Despite dropping back and running solo most of the 5kms, I still always had someone with a nike shirt or wristband in sight. I also was greeted on return and asked by both Dean and my pace runner how I went. So that was nice! Drinks were available as well as lolly snakes. A group stretching session was also held which I'm usually pretty lazy about doing.

I'm a bit sad the Monday runs don't happen anymore as it means I can't make my local boxing class on a Wednesday night but it's a great way to go running with a variety of different people. I hope they can facilitate smaller groups (maybe having 2 run leaders spread themselves out in the group rather than both up the front), and maybe introduce half minute pace groups so that the group actually run at the speed they're supposed to. Maybe the 7 min group would have run fast!! They were short on run leaders for this session though. I've probably found this friendly group just as they go on break for the Christmas period but at least now I know who they are and that they'll be doing training for Run for the kids next year! I'm pretty confident given the weather I wouldn't have run when I got home so this was great to keep training!

Saturday, November 16, 2013

Week 1 wins


My wins for the week:
- not having a coke zero on Thursday when I'd had bugger all sleep and had to pick a lunch (out of a box of items) for my turtle expedition day. Was really tempted for the caffeine but despite being incredibly tired I didn't need caffeine!
- not drinking lots of alcohol at the work annual it BBQ. I stuck with 2 ciders despite alcohol being freely available.
- I did 3 running sessions this week (not to the plan but better than before :))



What I coud do better:
- I didn't eat 12wbt food as I signed up last minute and didn't get a chance to shop. But my meal plan is all set for next week.

So I doubt I'll be following much of the fitness plan for next week but I do have a plan:
Mon - running session (think I'll follow the speed plan), aiming for 7km again
Tues - free yoga/meditation session at lululemon
Wed - try out thenike running club in the city
Thurs - aerial yoga 
Friday - no plans, will check what's on the plan
Saturday - rest day
Sun - 15km fun run


 




Monday, November 11, 2013

Round 4, day 1

I'm already sore!

So I have a few kgs to lose (again) and really could eat and exercise better than I have been.  This time I'm doing the 10km advanced program - for those who can run 10km but want to go faster. I modified the session a little as it was raining and I didn't want to get my phone out for too long.

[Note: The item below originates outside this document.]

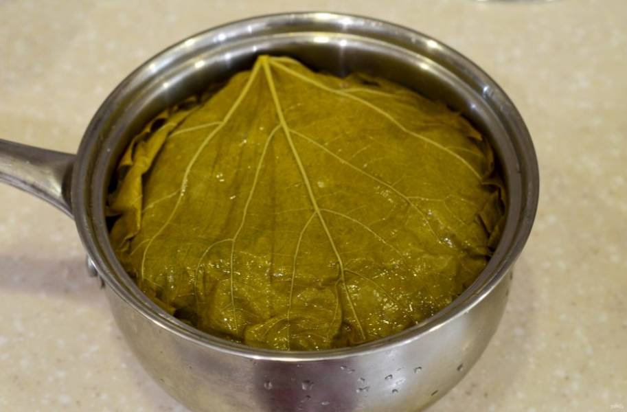 Закройте верх виноградными листьями, залейте бульоном или водой.

I skipped the 5 minute warmup and went straight into the steady jog for 10 mins. Then it was time for running drills (which I couldn't quite remember) but I did 20 knee lifts, 20 glute lifts (on more of an angle),pitter patter steps for 1 minute, slow butt kick walking (not on the program), knee lift stepping (instead of skip steps), I skipped the 3x 50m strides where you're supposed to increase speed progressively. Then onto speed drills. 3x 80% effort x 2 min, followed by 2 min power walking. Then 4x 90% effort x 1 min, followed by 1 min power walk. Though I kinda guessed what effort to run at. I was then supposed to cool down with a 5 minute steady jog. I ran for a little over 10mins. So I covered 7km apart from the running drills bit. Then did heaps of stretching. Hopefully it gets my back feeling better but my leg is a bit achey a few hours on.

I left signing up a little late so I haven't done any shopping yet and didn't plan any of the meals.

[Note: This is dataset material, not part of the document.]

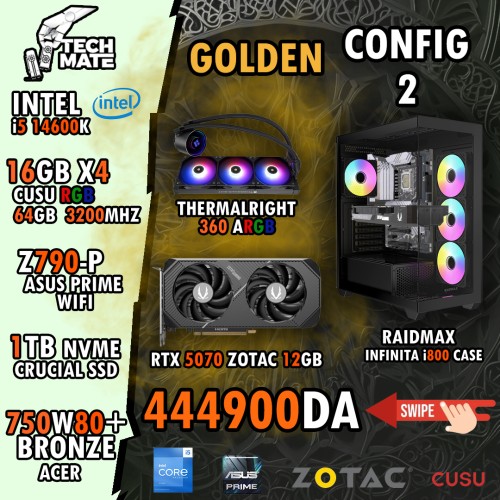 CPU: i5 14600K COOLING: thermelright 360mm BLACK MOTHERBOARD: Z790-P ASUS PRIME WIFI RAM: 64GB(16GBx4) CUSU RGB 3200mhz GPU: RTX 5070 ZOTAC TWINEDGE 12GB ROM: SSD CRUCIAL 1TB NVME PSU: ACER 750W 80+ BRONZ CASE RAIDMAX INFINITA i800 BLACK

Mondays food - fresh bread with Vegemite, half a milo packet with nespresso coffee pod, lunch was 4 steamed dumplings, 3 spring rolls, snacked on a pear, handful of popcorn. Dinner was Pasta bolognese and a slice of mud cake with vanilla ice cream (well I had to taste test the cake I baked). I think I did ok though as I could have eaten more or more fried stuff for lunch. And the mud cake was smaller than I'd typically serve myself! And I ate breakfast which is the first time in awhile.

I didn't sleep well, the only reason I got out of bed when I did was because my bread maker was beeping at me. I also wasn't going to go for the running session when I got home, especially since it was raining but I thought what the hell I'd go for a run. A km or so in and the rain eased up so I figured I'd try doing the proper session.  Different to what I'd usually do and just under 500 kcals burnt.